Word for word, reproduce the records, keeping none of the pictures.

....

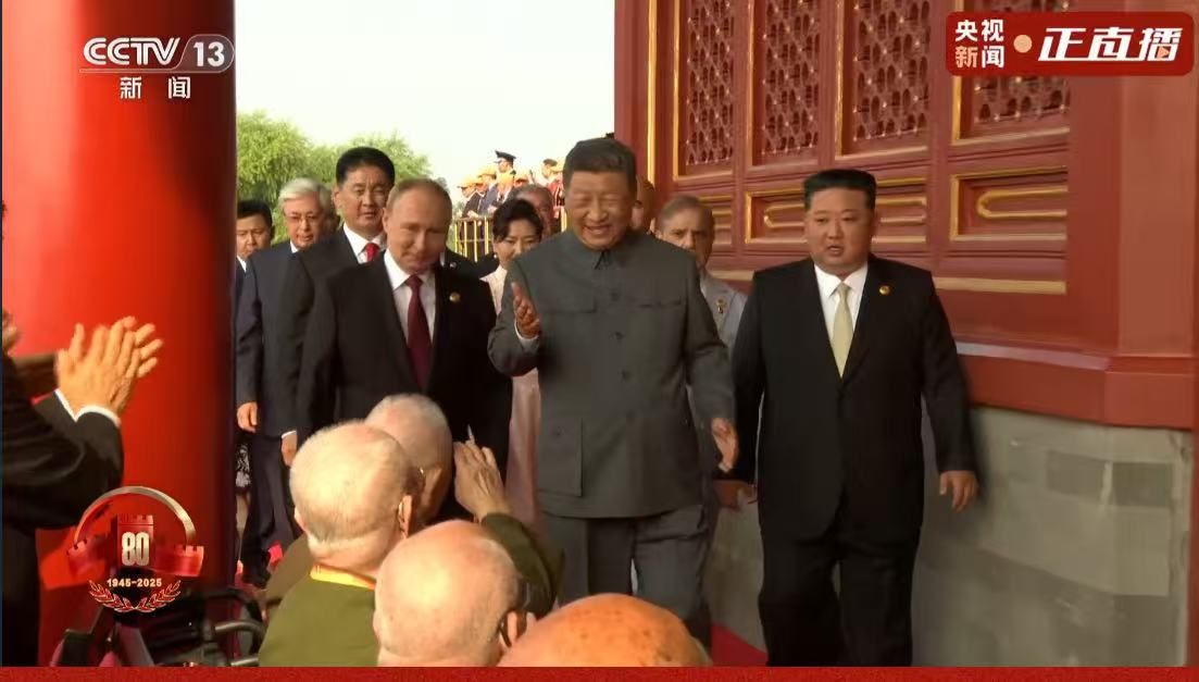 中國今(3)日上午在北京天安門廣場舉行「抗日戰爭暨世界反法西斯勝利80周年」閱兵,中國國家主席習近平、俄羅斯總統普丁與北韓最高領導人金正恩首次齊聚一堂,獲得國際關注。其中,金正恩此次以黑色西裝、亮金色領帶現身,女兒金主愛則並未隨行入場,金正恩與習近平的握手與對話也曝光,現場氣氛融洽。
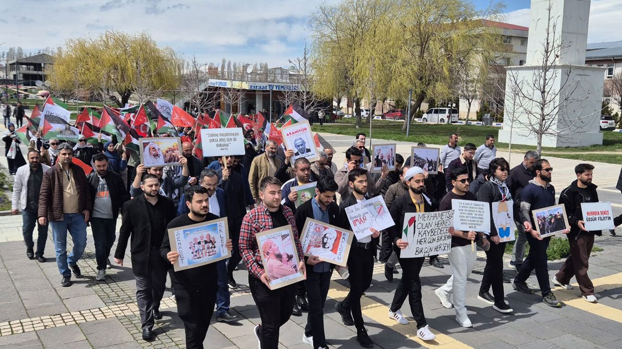Siyonist rejimin her geçen gün işgali genişlettiğini söyleyen Akkaya, “Gün geçmiyor ki siyonist rejim yeni bir baskı ve hukuksuzluğa kalkışmasın. Kullanım hakkı tamamen Müslümanlara ait olmasına rağmen yakın zamanda İran savaşını bahane ederek Müslümanların Mescid-i Aksaya girişi uzun süre yasaklanmış, son olarak da Mescid-i Aksanın avlusuna Siyonist rejimin bayrağı asılmıştır. Filistin’de, Lübnan’da ve diğer Müslüman coğrafyalarda yaşananlar bir “çatışma” değil, açık bir işgal ve zulümdür. Çocukların, kadınların, sivillerin hedef alındığı; evlerin, hastanelerin, ibadethanelerin bombalandığı bir ortamda susmak ise, zulme ortak olmaktır. Biz üniversiteli gençler ve bütün üniversite personeli olarak susmayacağız. Çünkü inanıyoruz ki zulüm karşısında susan dilsiz şeytandır. Bugün burada sadece Filistin için değil, Müslüman coğrafyanın dört bir yanında yaşanan adaletsizlikler için de konuşuyoruz. Küresel güçlerin çıkarları uğruna Müslüman coğrafyada yürüttüğü politikalar; savaşları, kaosu ve gözyaşını beraberinde getirmiştir. Bu bağlamda Amerika Birleşik Devletleri’nin Müslüman coğrafyada izlediği müdahaleci ve yıkıcı politikaları şiddetle kınıyoruz.” ifadelerini kullandı.
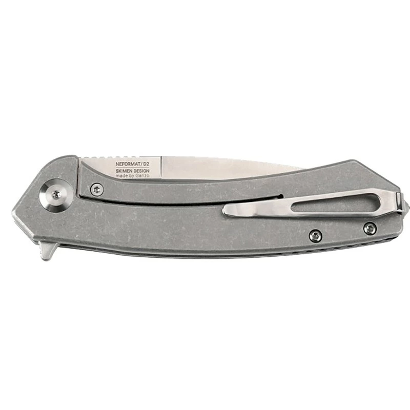 Le Ganzo Skimen GSKIMENRD possède bien entendu une lame, de forme drop point, mesurant prĂ©cisĂ©ment 85mm de long, ni plus, ni moins. Elle est fabriquĂ©e en acier D2, un acier tranchant rĂ©putĂ© pour sa rĂ©sistance Ă la corrosion ainsi qu’Ă l’usure. N’oubliez pas que la lame est personnalisable par gravure sur les deux faces, elle est d’ailleurs dĂ©corĂ©e sur la face avant par le nom de la sĂ©rie, ici Adimanti. Très simple d’utilisation, la lame peut ĂŞtre rapidement dĂ©ployĂ©e par le biais du flipper, le système de verrouillage est ici de type liner lock.
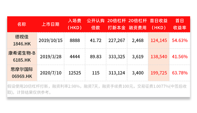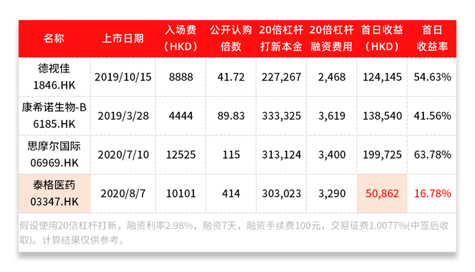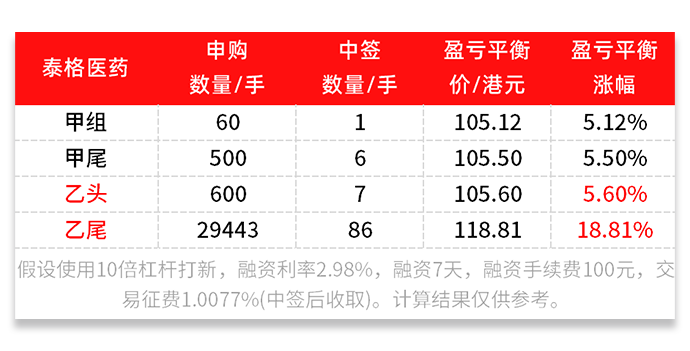 泰格医药乙头需申购600手,可获配7手。打新本金30万港元,融资费用3290港元(采用20倍杠杆)。假如泰格医药涨幅达到21.5%,其乙头首日收益可达5万港币,收益率16.78%,相对于前三只大肉签来说收益率还算不错。
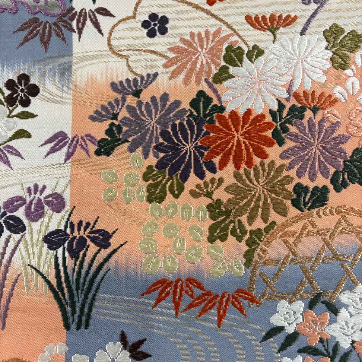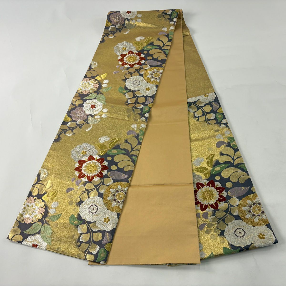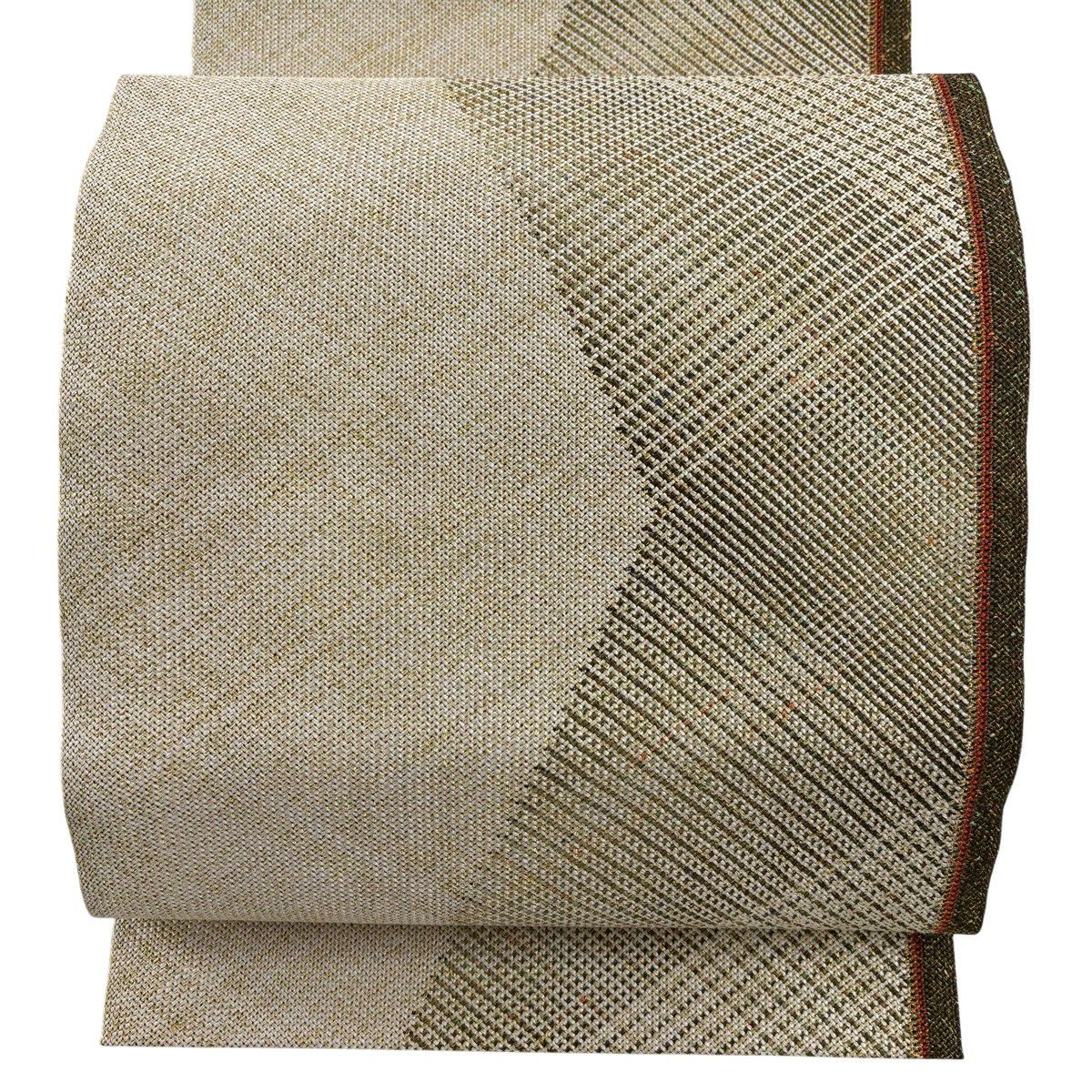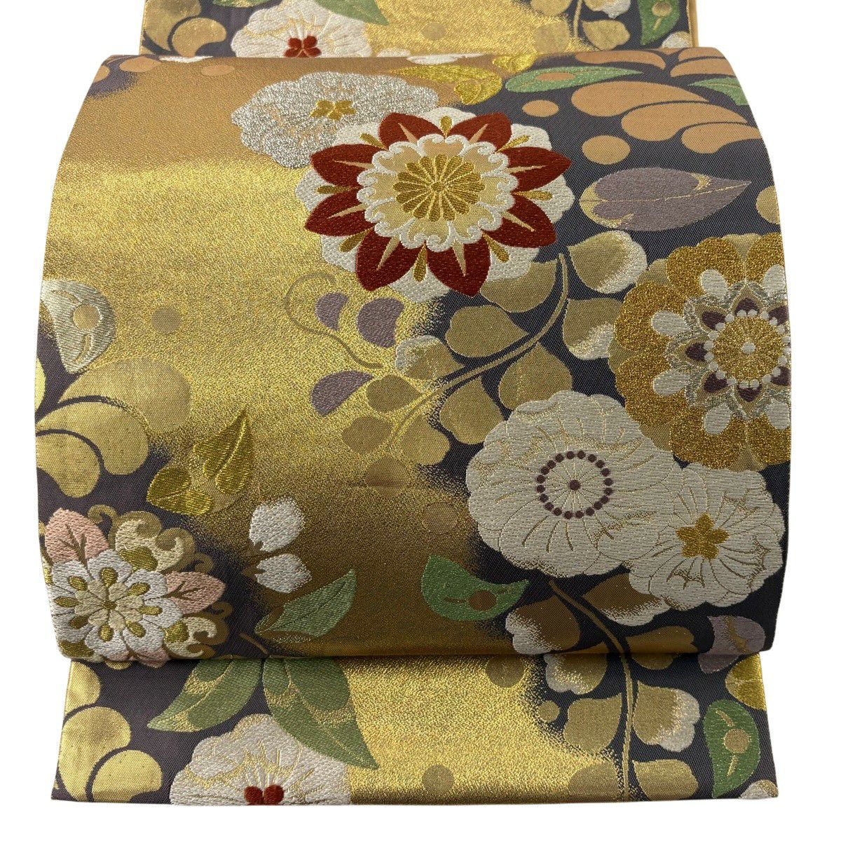 30%OFF 袋帯 秀品 川島織物 落款あり 関西仕立て 草花 段縞 箔 クリーム 全通 正絹 K30
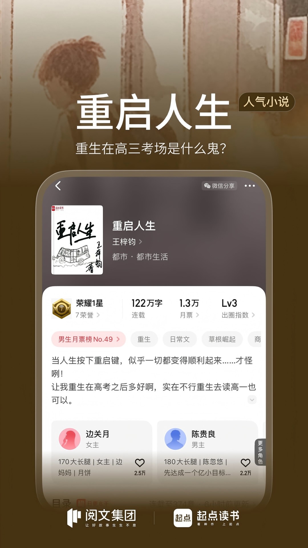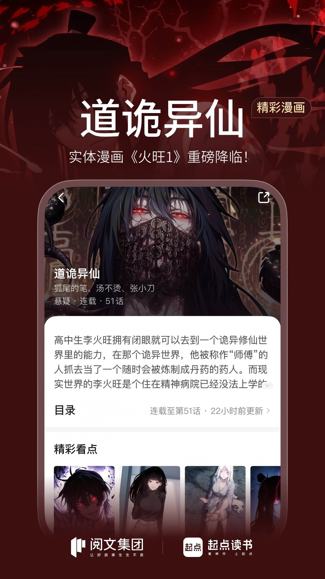 起点中文网官方移动端app,畅享正版原创网文,畅听精品有声小说,追更精彩漫画!加入书友圈,和原创作家近距离互动。 起点读书品牌全新升级,发布全新品牌主张“看神作 上起点”,致力于为用户持续提供优质且丰富的精品内容。 超热超全的原创小说书城,中国网络文学的起点,亿万忠实读者的选择~ 【热门内容】正版原著、精品有声、热门漫画火爆来袭,期待与你相遇; 《重启人生》:当人生按下重启键,似乎一切都…… 《哥布林重度依赖》:一只哥布林的赏金是三枚银币 【分类齐全】全类别热门图书随心看,玄幻、奇幻、言情、仙侠、武侠、都市、历史、游戏、科幻、二次元等,给你想要的一切! 【书单广场】不得不看的精选合辑,资深书迷倾情奉献,请允许我们拯救你的书荒; 丝般顺滑的阅读体验和百家争鸣的书评天地,让你彻底沉浸于故事的世界~ 【体验至上】赏心悦目的视觉效果及轻松舒适的阅读界面,一切为你量身定制; 【大神齐聚】名家名作汇聚一堂,速来膜拜你心中的大神~作家感言让真实的大神不再遥远; 【畅所欲言】更直接的交流、吐槽社区,更真实地和主人公共同成长; 更多贴心功能和服务等你探索~ 【免费读书】免费新书热书天天送,让你根本停不下来! 【活动中心】精彩活动集结,边玩边拿奖品,福利不停歇; 【智能推荐】私人定制,精选推荐,转角遇见你的真爱女主; 【云端同步】书架、阅读进度、书签、笔记自动云同步; 【用户书单】一步创建专属书单,从此爱上分享和发现。 ………………起点读书 • 热门原著……………… 《庆余年》:余年庆有余,不负韶华,不负卿。愿山河无恙,人间皆安。 《大奉打更人》:神探修仙,纵横大奉! 《赘婿》:愤怒的香蕉经典小说,郭麒麟、宋轶主演热播影视剧同名原著; 《龙族V悼亡者的归来》:江南新作,热血龙族,少年归来; 《长安十二时辰》:易烊千玺主演,口碑炸裂热播剧集同名小说; 《上海堡垒》:鹿晗、舒淇领衔主演科幻战争电影,江南同名小说; 《黄金瞳》:张艺兴、王紫璇领衔主演都市探险剧同名小说; 《流浪地球》:刘慈溪科幻小说,大热电影原著; 《全职高手》:蝴蝶蓝经典大作,超燃热播动漫; 《你和我的倾城时光》:赵丽颖主演热播都市商战剧,改编自丁墨同名小说; 更有《三体》、《斗破苍穹》、《星辰变》、《莽荒纪》、《琅琊榜》、《黄金瞳》、《斗罗大陆》、《萌妻食神》《异常生物见闻录》等火热原著,以及大热手游《大主宰》、《完美世界》、《斗破苍穹》原著

....

◆ Answer to this exercise
 中國今(3)日上午在北京天安門廣場舉行「抗日戰爭暨世界反法西斯勝利80周年」閱兵,中國國家主席習近平、俄羅斯總統普丁與北韓最高領導人金正恩首次齊聚一堂,獲得國際關注。其中,金正恩此次以黑色西裝、亮金色領帶現身,女兒金主愛則並未隨行入場,金正恩與習近平的握手與對話也曝光,現場氣氛融洽。
Siyonist rejimin her geçen gün işgali genişlettiğini söyleyen Akkaya, “Gün geçmiyor ki siyonist rejim yeni bir baskı ve hukuksuzluğa kalkışmasın. Kullanım hakkı tamamen Müslümanlara ait olmasına rağmen yakın zamanda İran savaşını bahane ederek Müslümanların Mescid-i Aksaya girişi uzun süre yasaklanmış, son olarak da Mescid-i Aksanın avlusuna Siyonist rejimin bayrağı asılmıştır. Filistin’de, Lübnan’da ve diğer Müslüman coğrafyalarda yaşananlar bir “çatışma” değil, açık bir işgal ve zulümdür. Çocukların, kadınların, sivillerin hedef alındığı; evlerin, hastanelerin, ibadethanelerin bombalandığı bir ortamda susmak ise, zulme ortak olmaktır. Biz üniversiteli gençler ve bütün üniversite personeli olarak susmayacağız. Çünkü inanıyoruz ki zulüm karşısında susan dilsiz şeytandır. Bugün burada sadece Filistin için değil, Müslüman coğrafyanın dört bir yanında yaşanan adaletsizlikler için de konuşuyoruz. Küresel güçlerin çıkarları uğruna Müslüman coğrafyada yürüttüğü politikalar; savaşları, kaosu ve gözyaşını beraberinde getirmiştir. Bu bağlamda Amerika Birleşik Devletleri’nin Müslüman coğrafyada izlediği müdahaleci ve yıkıcı politikaları şiddetle kınıyoruz.” ifadelerini kullandı.
 Le Ganzo Skimen GSKIMENRD possède bien entendu une lame, de forme drop point, mesurant prĂ©cisĂ©ment 85mm de long, ni plus, ni moins. Elle est fabriquĂ©e en acier D2, un acier tranchant rĂ©putĂ© pour sa rĂ©sistance Ă la corrosion ainsi qu’Ă l’usure. N’oubliez pas que la lame est personnalisable par gravure sur les deux faces, elle est d’ailleurs dĂ©corĂ©e sur la face avant par le nom de la sĂ©rie, ici Adimanti. Très simple d’utilisation, la lame peut ĂŞtre rapidement dĂ©ployĂ©e par le biais du flipper, le système de verrouillage est ici de type liner lock.
 泰格医药乙头需申购600手,可获配7手。打新本金30万港元,融资费用3290港元(采用20倍杠杆)。假如泰格医药涨幅达到21.5%,其乙头首日收益可达5万港币,收益率16.78%,相对于前三只大肉签来说收益率还算不错。
 30%OFF 袋帯 秀品 川島織物 落款あり 関西仕立て 草花 段縞 箔 クリーム 全通 正絹 K30
 起点中文网官方移动端app,畅享正版原创网文,畅听精品有声小说,追更精彩漫画!加入书友圈,和原创作家近距离互动。 起点读书品牌全新升级,发布全新品牌主张“看神作 上起点”,致力于为用户持续提供优质且丰富的精品内容。 超热超全的原创小说书城,中国网络文学的起点,亿万忠实读者的选择~ 【热门内容】正版原著、精品有声、热门漫画火爆来袭,期待与你相遇; 《重启人生》:当人生按下重启键,似乎一切都…… 《哥布林重度依赖》:一只哥布林的赏金是三枚银币 【分类齐全】全类别热门图书随心看,玄幻、奇幻、言情、仙侠、武侠、都市、历史、游戏、科幻、二次元等,给你想要的一切! 【书单广场】不得不看的精选合辑,资深书迷倾情奉献,请允许我们拯救你的书荒; 丝般顺滑的阅读体验和百家争鸣的书评天地,让你彻底沉浸于故事的世界~ 【体验至上】赏心悦目的视觉效果及轻松舒适的阅读界面,一切为你量身定制; 【大神齐聚】名家名作汇聚一堂,速来膜拜你心中的大神~作家感言让真实的大神不再遥远; 【畅所欲言】更直接的交流、吐槽社区,更真实地和主人公共同成长; 更多贴心功能和服务等你探索~ 【免费读书】免费新书热书天天送,让你根本停不下来! 【活动中心】精彩活动集结,边玩边拿奖品,福利不停歇; 【智能推荐】私人定制,精选推荐,转角遇见你的真爱女主; 【云端同步】书架、阅读进度、书签、笔记自动云同步; 【用户书单】一步创建专属书单,从此爱上分享和发现。 ………………起点读书 • 热门原著……………… 《庆余年》:余年庆有余,不负韶华,不负卿。愿山河无恙,人间皆安。 《大奉打更人》:神探修仙,纵横大奉! 《赘婿》:愤怒的香蕉经典小说,郭麒麟、宋轶主演热播影视剧同名原著; 《龙族V悼亡者的归来》:江南新作,热血龙族,少年归来; 《长安十二时辰》:易烊千玺主演,口碑炸裂热播剧集同名小说; 《上海堡垒》:鹿晗、舒淇领衔主演科幻战争电影,江南同名小说; 《黄金瞳》:张艺兴、王紫璇领衔主演都市探险剧同名小说; 《流浪地球》:刘慈溪科幻小说,大热电影原著; 《全职高手》:蝴蝶蓝经典大作,超燃热播动漫; 《你和我的倾城时光》:赵丽颖主演热播都市商战剧,改编自丁墨同名小说; 更有《三体》、《斗破苍穹》、《星辰变》、《莽荒纪》、《琅琊榜》、《黄金瞳》、《斗罗大陆》、《萌妻食神》《异常生物见闻录》等火热原著,以及大热手游《大主宰》、《完美世界》、《斗破苍穹》原著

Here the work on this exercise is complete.